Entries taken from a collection
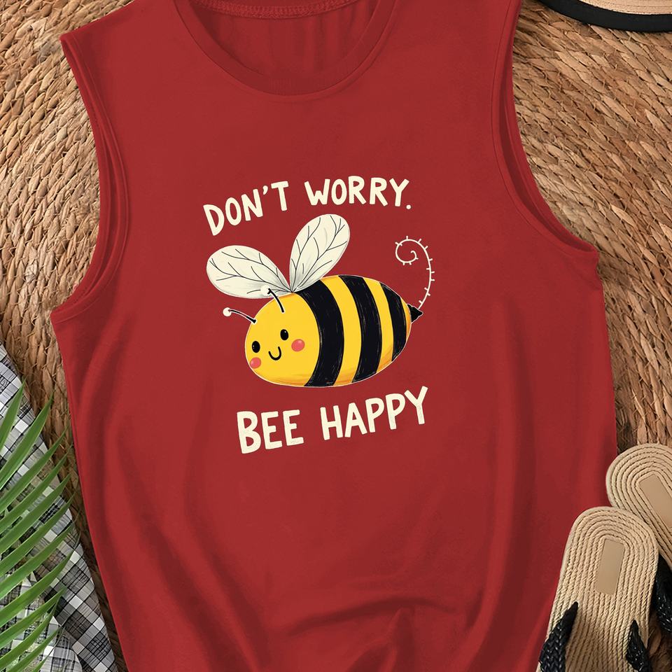 Chaleco de Punto Informal para Mujer DON'T WORRY BEE HAPPY, de Spandex/Poliéster, con Cuello Redondo y Logotipo Frontal
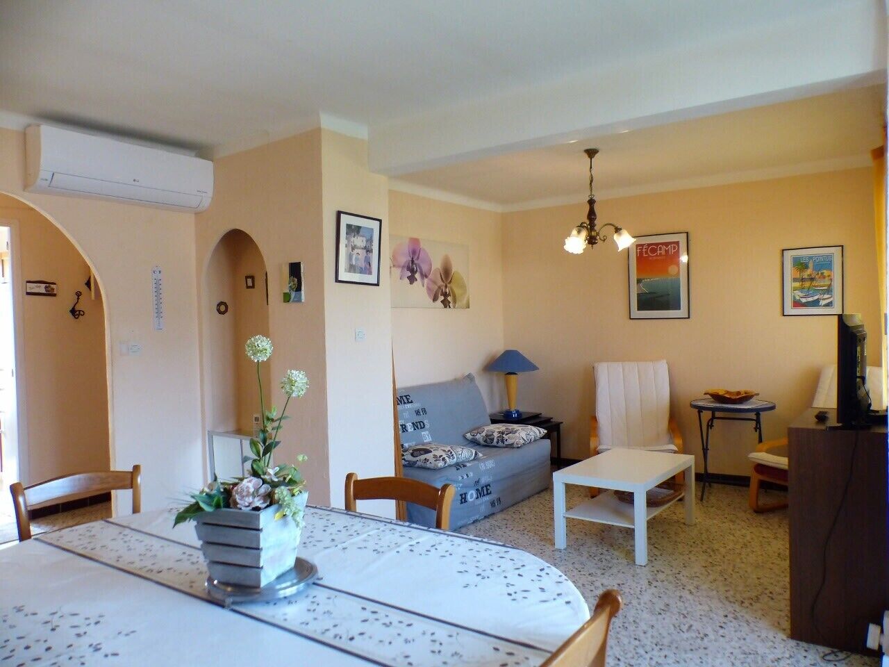 Well-equipped 2-room apartment with a large 16-square-meter terrace "with a small sea view", not overlooked, located 100 meters from Lecques beach.
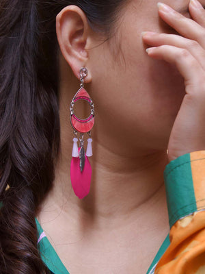 Crescent Moon Design Pink Drop Earring
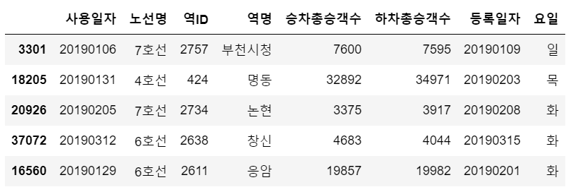 '์์ผ' ์ปฌ๋ผ์ ์ถ๊ฐํด ์ฃผ๊ณ , sample์ ์ด์ฉํ์ฌ ๋๋ค์ผ๋ก row๋ฅผ ๋ถ๋ฌ์์ ํ์ธํด ๋ณธ๋ค.
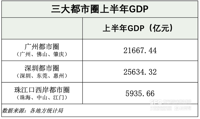 珠三角包括广州、深圳以及珠江口西岸三大都市圈。从都市圈的维度观察上半年珠三角经济,能够更加直观地看见城市协同发展的态势。
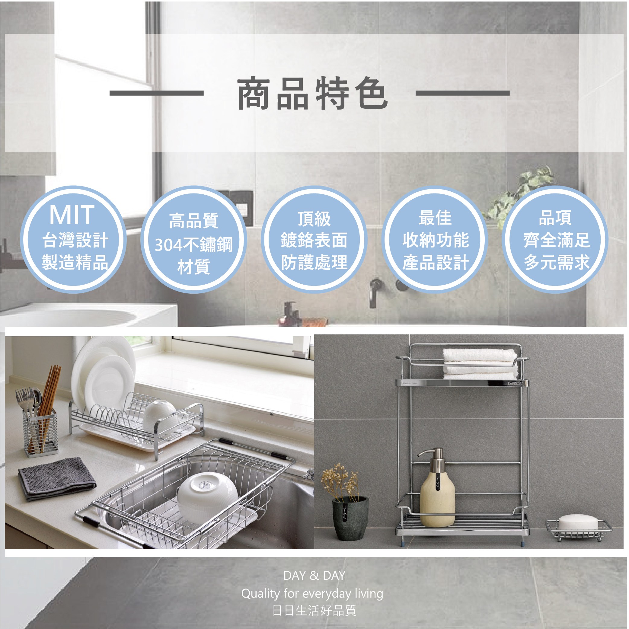 【DAY&DAY】日日衛浴 304不鏽鋼 桌上型雙層碗盤架 - ST3008D-2
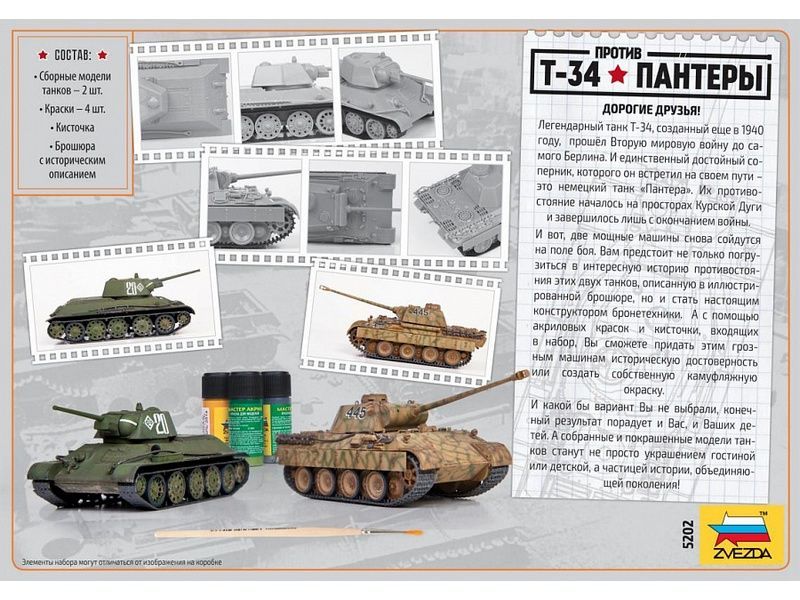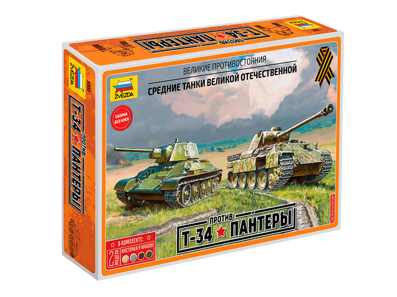 Сборная модель ZVEZDA Великие противостояния "Т-34 против Пантеры" (сборка без клея), 1/72
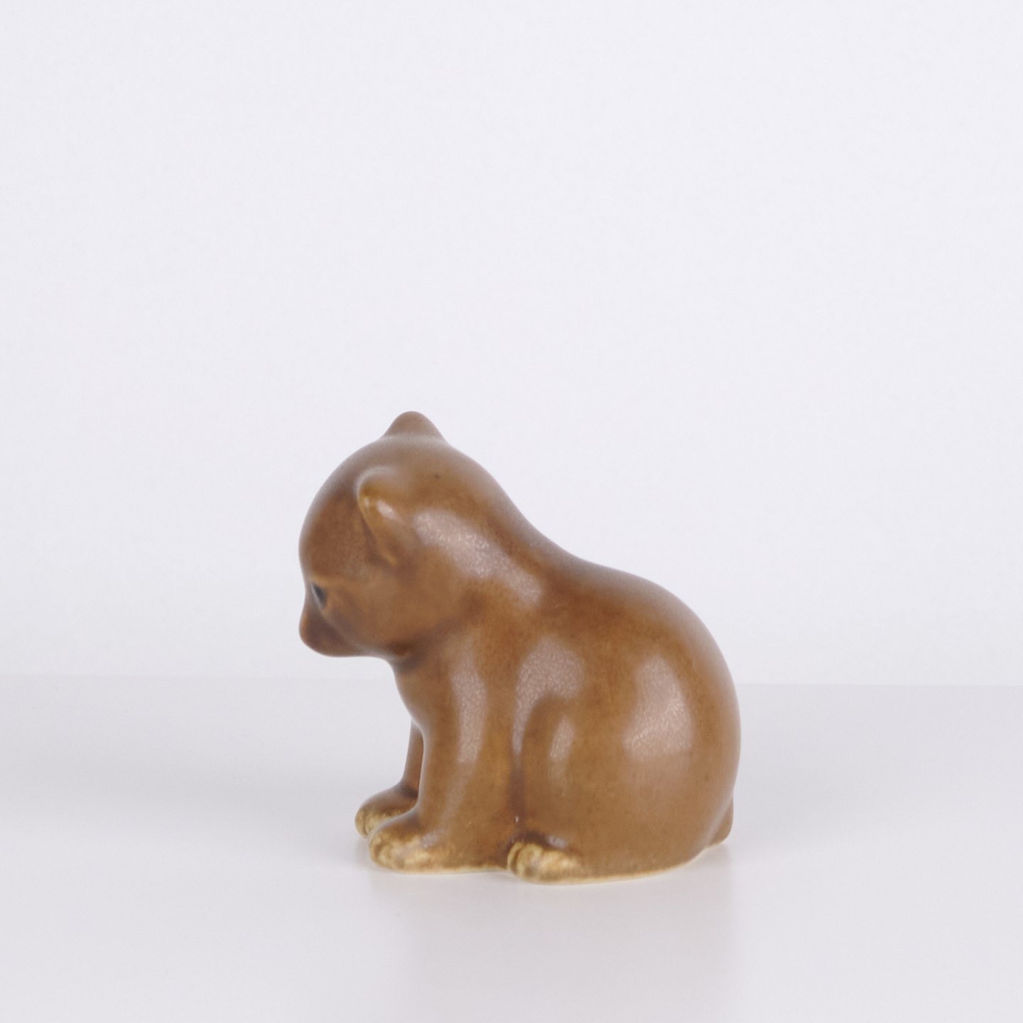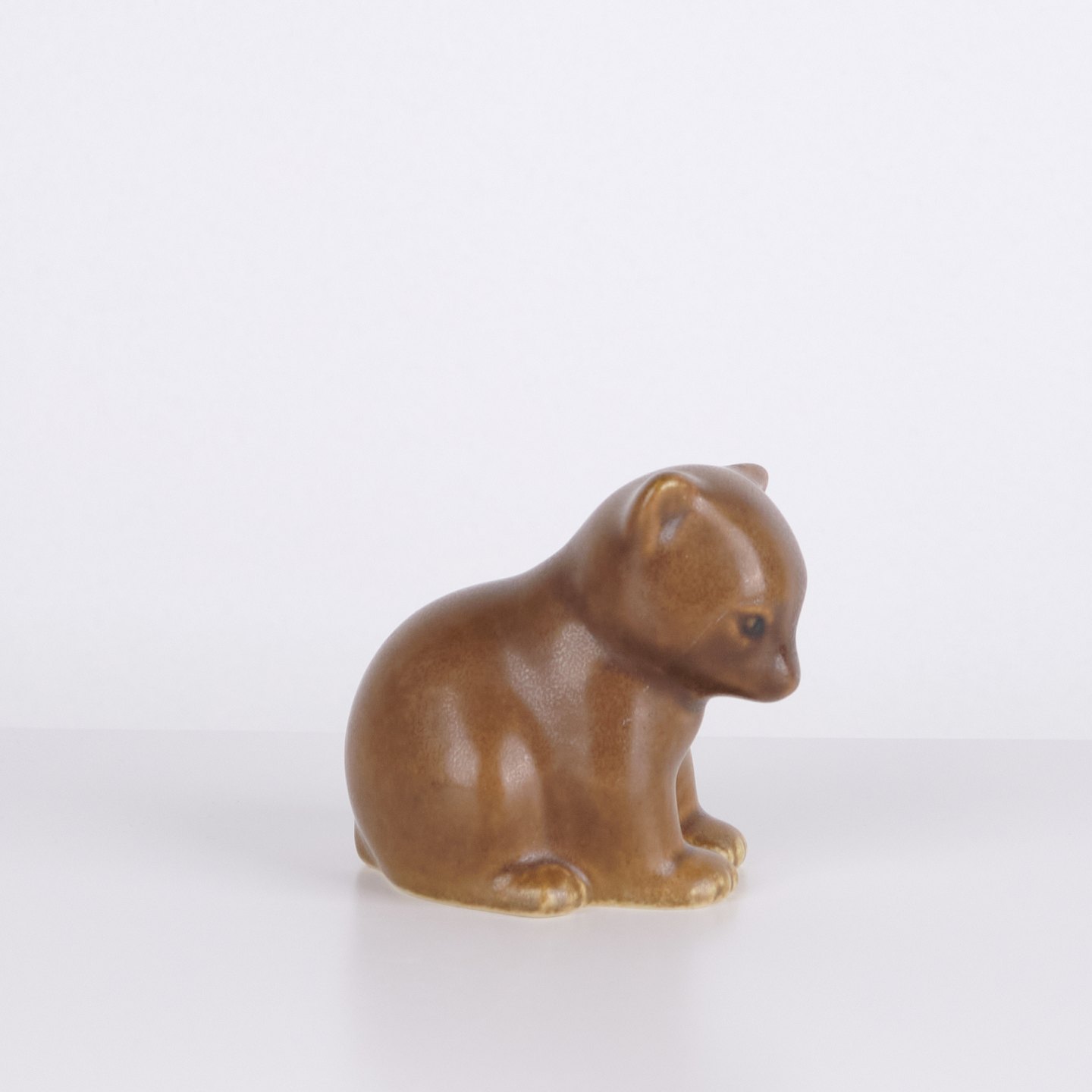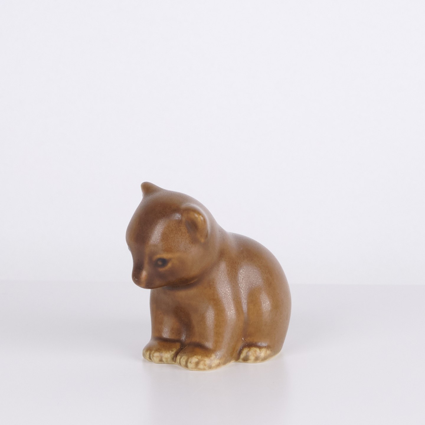 Bjørnefigur af Knud Basse udført i lys brun glaseret keramik. Figuren viser siddende bjørn med sænket hoved, markerede poter og bløde organiske former. En klassisk mindre model fra Knud Basses serie af dyrefigurer fremstillet i Danmark i 1960’erne.
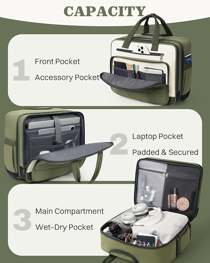 - 【TSA-Friendly 180° Main Compartment & Wet-Dry Pocket】Open the main compartment of this rolling laptop bag flat for hassle-free TSA and security checks. The luggage strap keeps your clothes secured, while the wet-dry pocket separates damp items from the rest of your belongings, keeping everything fresh and organized during travel

• Problem requirements
Make an exact copy of the lines above, beginning with the line with "珠三角包括广州、深圳以及珠江" and ending with the line with "Сборная модель ZVEZDA", and keep the pictures out of it.

• Worked solution
 珠三角包括广州、深圳以及珠江口西岸三大都市圈。从都市圈的维度观察上半年珠三角经济,能够更加直观地看见城市协同发展的态势。
 【DAY&DAY】日日衛浴 304不鏽鋼 桌上型雙層碗盤架 - ST3008D-2
 Сборная модель ZVEZDA Великие противостояния "Т-34 против Пантеры" (сборка без клея), 1/72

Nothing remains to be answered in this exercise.